The opening scenes in last year's film,
The Zoo Keeper, and in the upcoming Cameron Diaz/Tom Cruise film,
Knight and Day, were filmed there. MTV used it as a setting for one of
its reality show episodes, as did the Discovery Channel's Time Warp.
Tappet Brothers Tom and Ray regularly refer to it on their immensely
popular National Public Radio show, Car Talk.

The fabled
institution that I write of is Nissenbaum's Auto Recycling Center. It's
a family-owned business that provides end-of-life care to tired and
totaled autos, and it extends the lives of those needing organ
transplants. Those of the deceased's remains that cannot be reused are
sent to the smelter, making things a little easier on the planet.

The
company has provided recycling services since before recycling was a
word or motorcars were on the road. Family patriarch Jacob Nissenbaum
grew up in Brest, a city in Belarus, on the Polish border and fifty
miles from the German border. Brest's location ensured that it was
regularly overrun by invaders, from Mongols in 1241, to Teutonic
Knights in 1379, to Swedes in 1794, to Nazis in 1939.

Jacob
immigrated to the U.S. around 1880 and settled in Somerville. During
the late 19th and early 20th Centuries, Somerville had so many
slaughterhouses that it was called "the Chicago of the East." In 1910,
Jacob began a business that recycled bones collected from meatpacking
operations and sold them to soap manufacturers. The family business has
remained in the same Columbia Street location ever since.

Jacob
begat Joseph, and the company recycled rags. Joseph begat Max, and it
recycled metal and newspapers. Max begat Joseph and Allen, and in 1956,
Nissenbaum's began recycling automobile parts.

Hard work has
always been a family characteristic. Allen and Joe, and now Joe's son
Neil, all began working at 10 or 11 years old, taking the bus to the
shop. They still put in 10-to-12-hour days, 6 days a week.

Over
time, the business continues to change. When they started recycling
autos, they hand wrote tickets for each part and kept them on file.
Books thicker than unabridged dictionaries told them which parts were
interchangeable among makes, models, and years. Now, a computer program
rapidly performs both functions.

Automobiles themselves have
changed.
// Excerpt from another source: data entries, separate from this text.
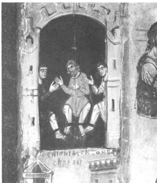
Εικ. 1. Λεπτομέρεια από φορητή εικόνα του 12ου αιώνα από τη μονή Αγίας Αικατερίνης του Σινά (Nancy Ševčenko, St. Nicholas in Byzantine Art , 3.9)

Τον 6ο αιώνα, όταν δημιουργήθηκε η παράδοση με τη διάσωση των τριών αθών και των τριών στρατηγών, φαίνεται ότι διαμορφώθηκε η λατρεία του
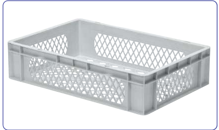
TK 600/145-2 mit Metallpulver.
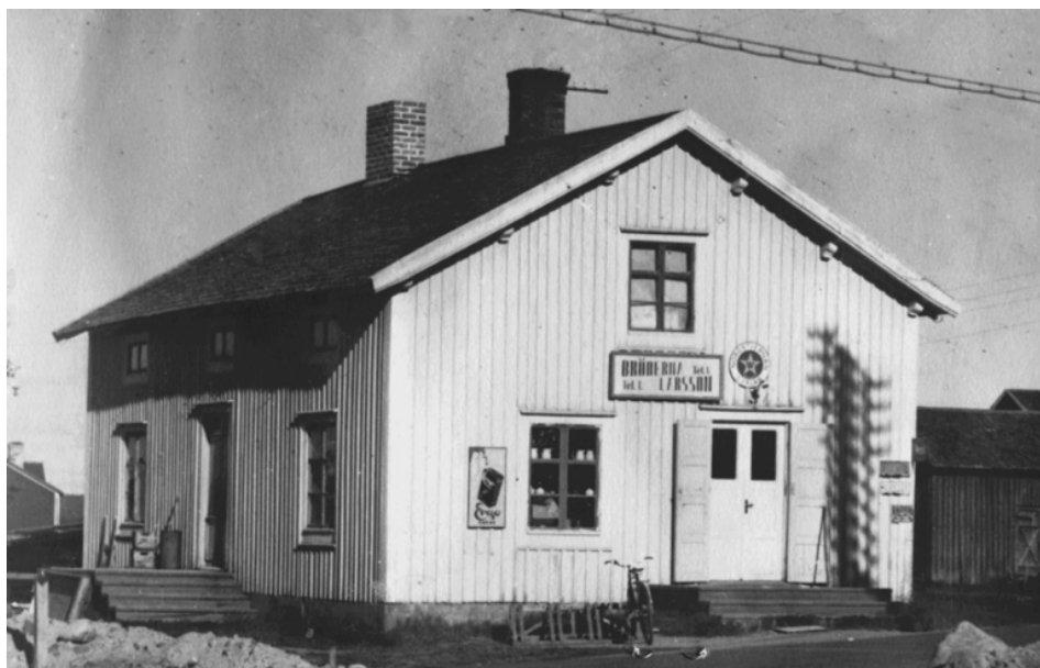
Albert-Lärsabutiken med affärsingång mot vägen. Lägg märke till skuggan till höger om dörren.
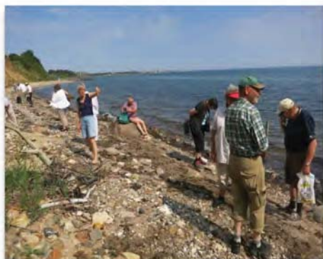
Dagens strande inspiceres nøje i den kraftige varme
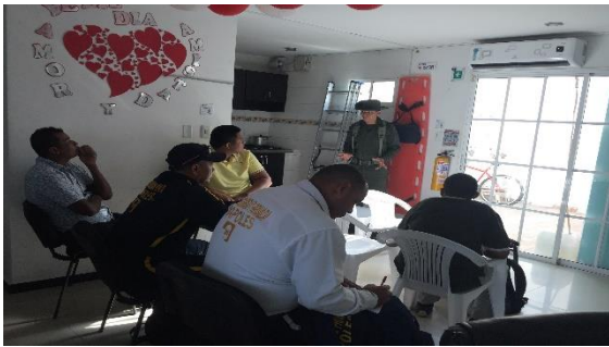
Charla de prevención frente al consumo de sustancias psicoactivas/Charla de sensibilización BASC – POLAN/BASC Dirigido a: Seguridad Nápoles LTDA.- Fecha: Septiembre 16 de 2019 Asistencia: 9 personas.
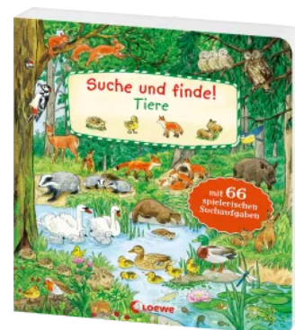
Suche und finde! - Tiere Hardcover
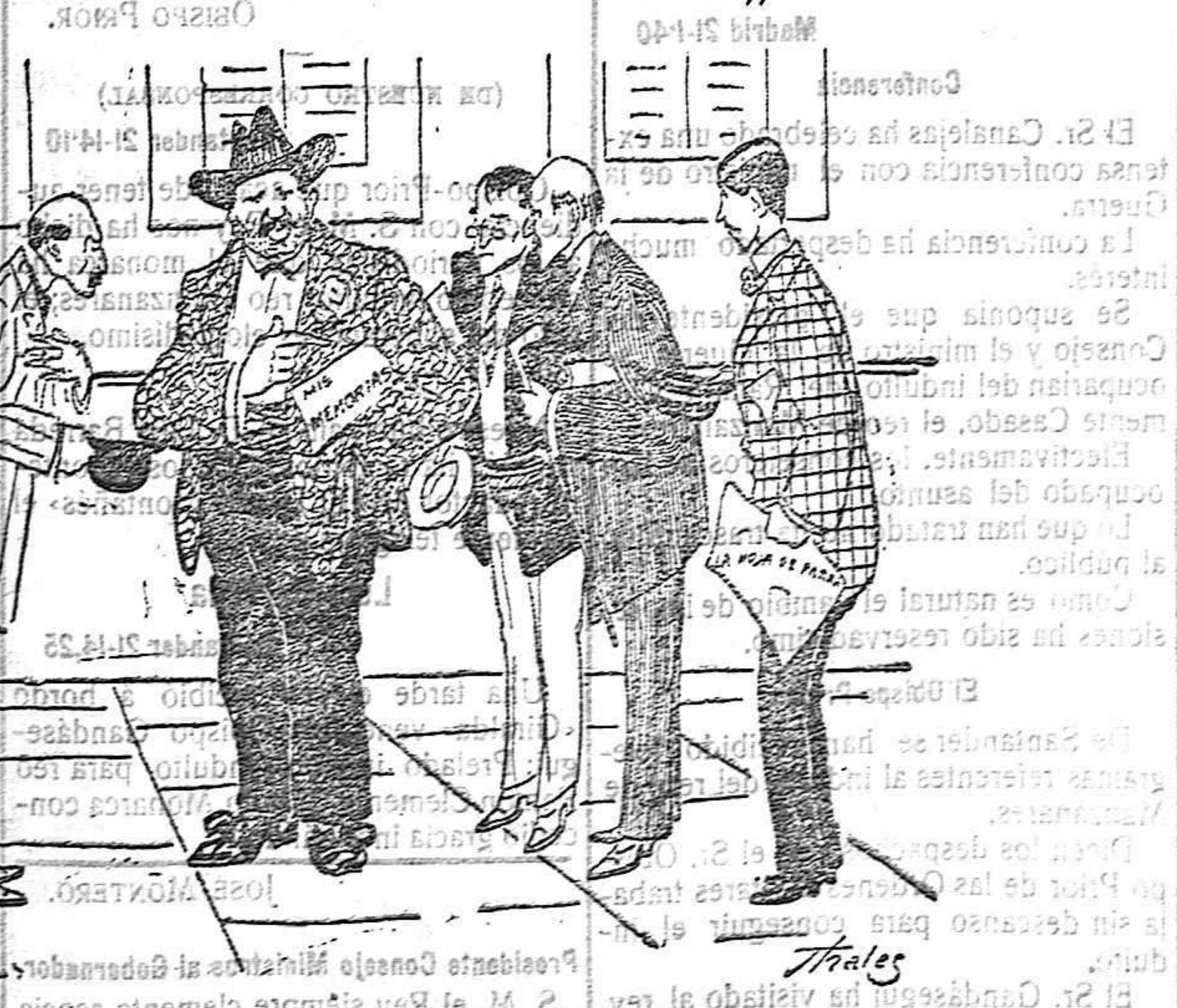
D. Joaquín. Nuestros periódicos esperan verse honrados con su firma. Ahora no pueo. Cuando acabe mis memorias hablaremos.
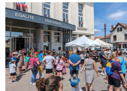
Jeu de piste - 28 juin
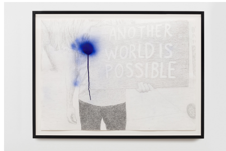
Another World Is Possible, 2022 Graphite and spray enamel on paper 73 × 102 cm 28 3/4 × 40 1/8 in 83,5 × 112 cm (framed) 32 7/8 × 44 1/8 in (framed)
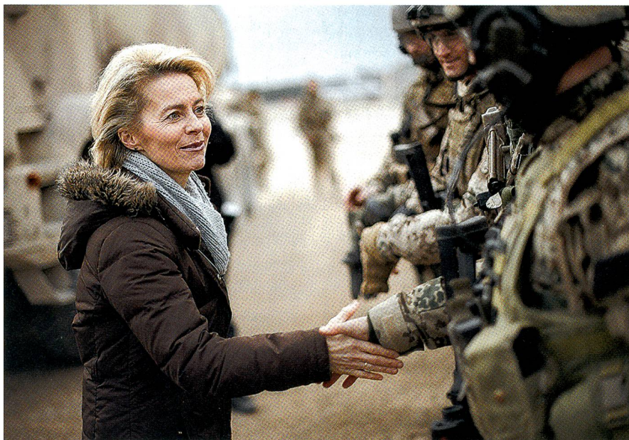
Verteidigungsministerin Ursula von der Leyen besucht oft und gern die Truppe.

Rüstungsprogramm 1984 beschlossenen Kauf von 380 Stück dieses Kampfpanzers keine Zweifel mehr hegte.
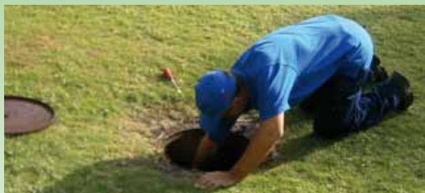
Diagnostic de la fosse toutes eaux.
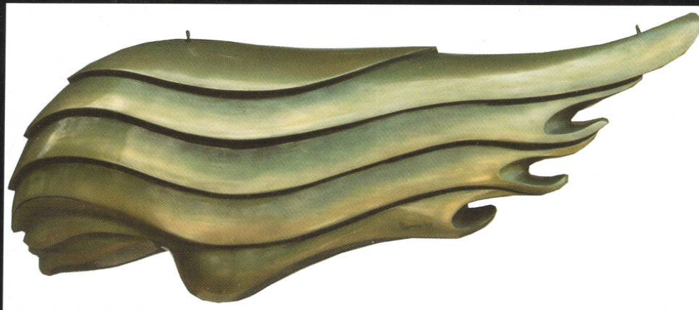
ПРОСВЕТЛЕНИЕ НА СОВРШЕНСТВОТО II (ПОЛИЕСТЕР) - 41x121x40 cm - 2009

ENLIGHTENING OF PERFECTNESS II (FIBERGLASS) - 41x121x40 cm - 2009

Their growing complexity and high-tech systems have reduced
the number of shade-tree mechanics.

Still, there are 14,000 auto
recyclers in the U.S. who, collectively, are its 14th largest industry.
About 45% of aluminum cans are recycled, while 90% of the materials in
cars are recycled. And while interchangeability of parts is
diminishing, much remains.

Customers often don't realize that
they can ask a mechanic to install a used part, or that they can bring
to the mechanic a used part that they have purchased themselves. Both
used and new parts have a 20% markup, but mechanics like to use new
ones because the markup is off a larger base.

Meanwhile, the
media have discovered Nissenbaum's. MTV's reality show, The Phone,
featured an elimination round in which contestants followed a treasure
hunt through 25 cars, looking for the getaway car's keys.

Time
Warp's schtick is to perform any function faster than is conventionally
done, film it at 2000 frames per second, and then play it back in ultra
slow motion. They said they could turn a car into a pancake much faster
than Nissenbaum's car crusher. So they rented the tallest crane they
could find and dropped a ton of bricks on the unsuspecting vehicle,
getting the job done in a second and a half.
(http://dsc.discovery.com/videos/time-warp-bricks-vs-car.html)

Neil
told them that it took him 10-to-15 minutes to remove a door. They said
they could do it in a fraction of a second, filled the car with
explosives, and removed the other three doors and the roof as well. Of
course the parts weren't exactly reusable.

Tom and Ray Magliozzi
took a picture of Tom in Nissenbaum's parts yard and invited listeners
to suggest captions. The winners appear on the Car Talk website.

If
you've never enjoyed the satisfaction of replacing a failed car part
with an inexpensive-but-effective used one, hard times and climate
change give you two excellent reasons to start. As Allen (Or is it
Joe?) likes to say, "All the other parts on your car are used, so what
are you worried about?"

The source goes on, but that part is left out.